Now that the Celebration of Excellence is behind us and most of the spring sports have started their off-season training, I’ve realized that this is the end of many Dartmouth athletes’ careers in sports. These seniors have trained for thousands of hours, taken countless bus rides and airplane trips, eaten an ungodly amount of peanut butter sandwiches and experienced a blur of locker room memories in just four years at the College. I can almost guarantee that if you asked any athlete in the Class of 2014 about the day they officially found out that they would represent the Big Green, they could recount the rush of feelings as if it were yesterday.

Although I’m still a junior -— for at least a little while longer — my coach has started to call the members of the Class of 2015 on my team the “senior class.” The first time I heard this, I felt my heart skip a beat. I remember at the end of my freshman year, I was sitting at dinner with some of the then-seniors, freaking out about everything from the new girls coming to them leaving (and even the fact that I was going to graduate soon). Though they laughed a little because I had three years left, they were happy to see that they had made such an impact on my life.

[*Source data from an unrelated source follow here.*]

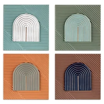 Show more Introducing the Walasis Boho Wall Decor Mid-Century Artwork – a stunning addition to your home that effortlessly combines modern artistry with a touch of rustic charm. Crafted with precision, this wall art set showcases a beautiful blend of vibrant colors such as green, white, orange, blue, gray, and brown, enticing the eye and enlivening any room. Each piece is designed with a unique 3D distressed square pattern, set within a sturdy wooden frame, which enhances its artisan feel and makes it a perfect fit for both rustic and modern interiors. Measuring 9.5 inches in length and 0.8 inches in thickness, this versatile artwork can be displayed horizontally or vertically, allowing for a customizable gallery-style arrangement that suits your personal taste.
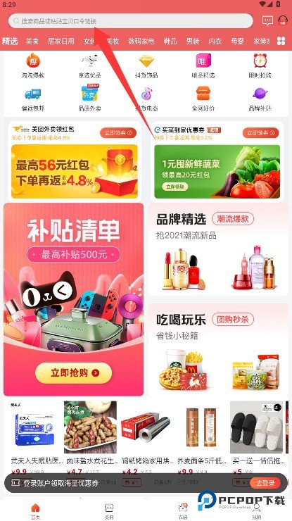 3、进入首页后可通过搜索框查找商品,或粘贴产品口令直接跳转至商品页面。
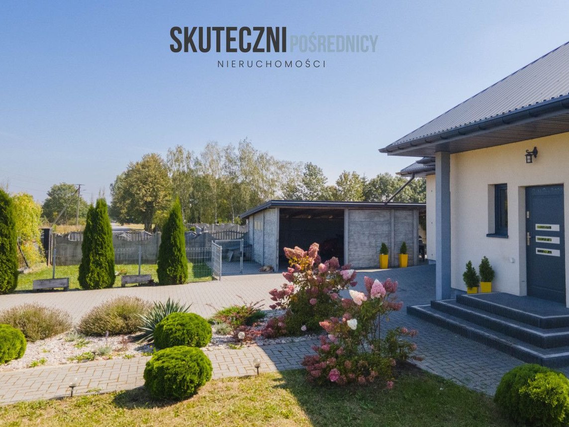 Na posesji znajduje się garaż jednostanowiskowy w bryle budynku oraz duży budynek gospodarczy o powierzchni zabudowy 55 m², który świetnie sprawdzi się jako drugi garaż, warsztat czy magazyn. Niewątpliwą ozdobą działki jest wiata grillowa porośnięta winoroślą, tworząca klimatyczne miejsce spotkań z rodziną i przyjaciółmi. Uroku dodaje również zadbany ogródek warzywny i kwiatowy oraz niewielki staw, który nadaje posesji wyjątkowego charakteru.

It’s odd to look back when I still have things to look forward to, but with every senior day, the feelings hit closer to home, and I realize that I will be graduating shortly. The field hockey team celebrated senior day in the fall. The rest of the team watched our seniors accept bouquets of flowers from their families, tears slowly rolling down their already sweaty faces. The underclassmen held each other close, thinking about the next phase in our collegiate careers and remembering our friends and family behind us. This column could get incredibly sappy, but I have little room to get emotional. With an entire year left, I will do my best try to refrain from any more clichés.

Every year, we graduate a handful of incredible teammates and friends, only to gain a new set nine months later. For me, the turnover hits hardest in the few days following our last game. Last year, the six seniors led our team as a class and individually. They were there for us on the field, in the classroom and anywhere else we needed them. Nobody wants to admit it, but in that extended moment after every season the team dynamic shifts entirely. There are no more freshmen on the team — there are only upperclassmen, preparing to welcome the freshmen who are still in high school, unaware of this transition.

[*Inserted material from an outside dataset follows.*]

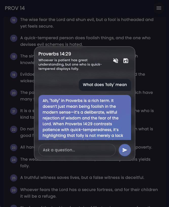 The app is both minimalist yet packed with features. Numerous APIs work alongside each other to stream video, engage readers with life-like TTS (Text-to-Speech), and offer in-depth analysis of the book of Proverbs.

Luckily, as fall athletes, we get to keep our seniors close to us outside of the turf for two more terms, easing this transition a bit. I can hardly imagine having my season end and then losing the class above me just a few weeks later, as many spring athletes do. Whether you are a freshman who is still scared of the talented seniors or a junior who could name every single person in the seniors’ families — including middle names and first-grade goldfish — saying goodbye is never easy.

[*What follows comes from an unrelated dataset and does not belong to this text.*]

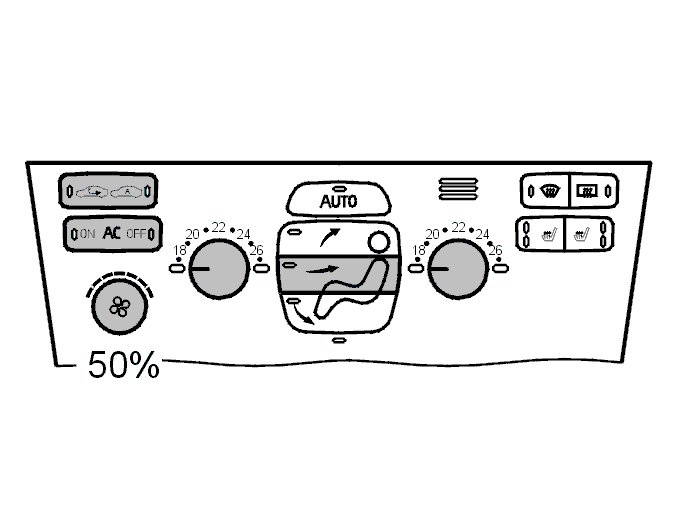 - Set the recirculation button to "On". Cars with air quality sensor (AQS) to "man"

As we bid adieu to the great Class of 2014, we will always know that the athletes are just a text message away, all too willing to listen to stories about incompetent refs and hard fitness tests.

I said I’d try to avoid the clichés, but these feelings resurface as each senior class leaves, and we’ll miss the Class of 2014 dearly. A new team is forming, and we can only hope that we can make our mark on them, the same way that the Class of 2014 and the senior classes before them did for us.

Inside the Locker Room is a weekly column written alternately by Phoebe Hoffmann and Sarah Caughey.